▸ **Problem requirements**
Every line of the data below should be retyped exactly, with no images carried over.

▸ **Supplied material**

*** Begin section ***

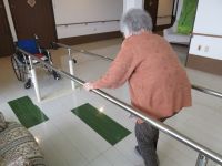 平行棒を使用して歩行練習です。「まだまだだよ~」と言われながらもしっかり歩行出来ていました(^^)
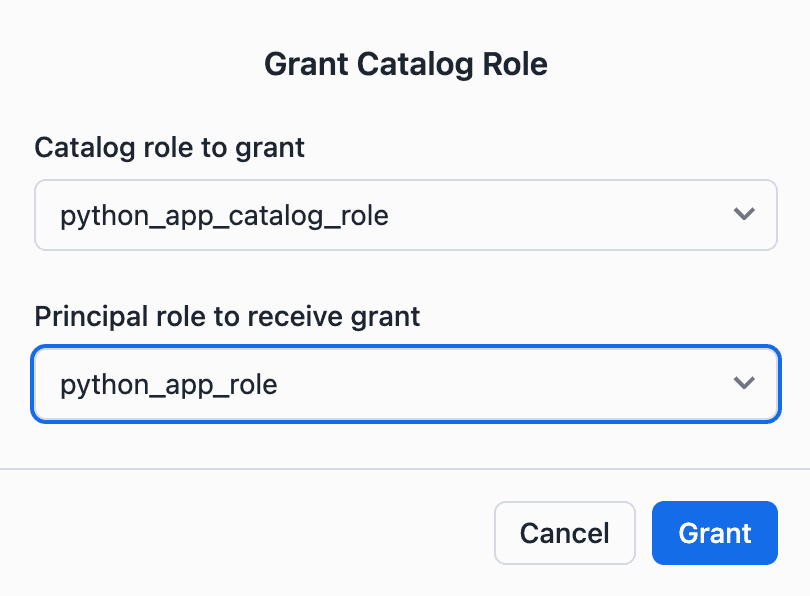 Then, you click on "Grant to Principal Role" and tell Open Catalog which principal role should be granted that catalog role.
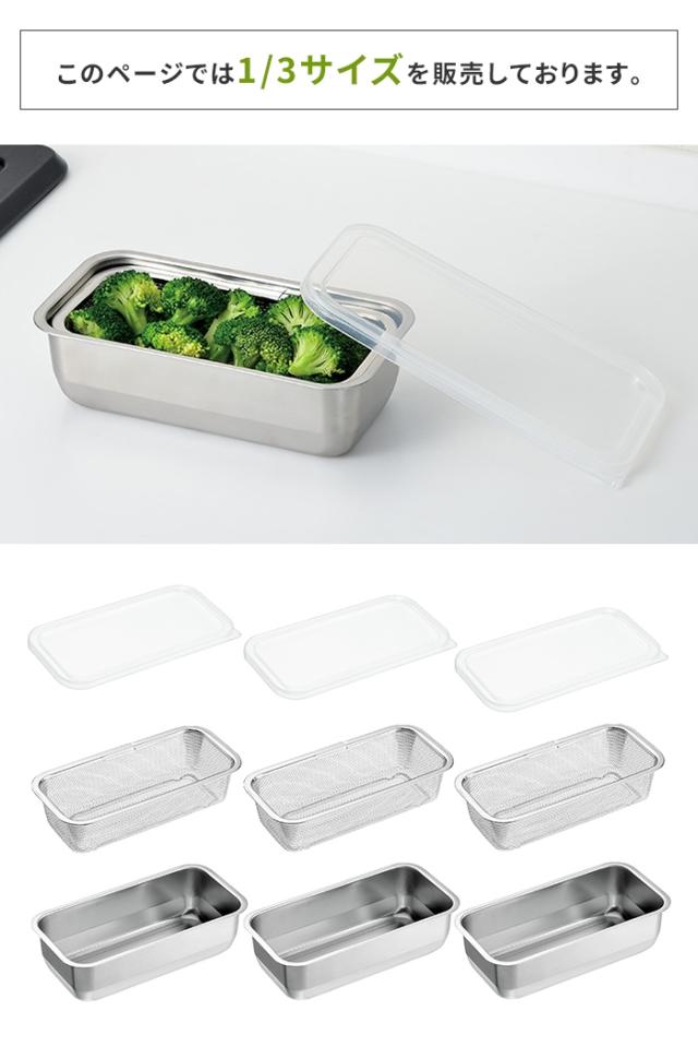 | [バット1/3](外径)22×11×高さ6cm (内径)20.6×9.8cm/(重量)150g/(容量)1L [ザル1/3]20.4×9.6×高さ5cm/(重量)90g [蓋]50g |

*** End section ***

▸ **Answer to this task**
 平行棒を使用して歩行練習です。「まだまだだよ~」と言われながらもしっかり歩行出来ていました(^^)
 Then, you click on "Grant to Principal Role" and tell Open Catalog which principal role should be granted that catalog role.
 | [バット1/3](外径)22×11×高さ6cm (内径)20.6×9.8cm/(重量)150g/(容量)1L [ザル1/3]20.4×9.6×高さ5cm/(重量)90g [蓋]50g |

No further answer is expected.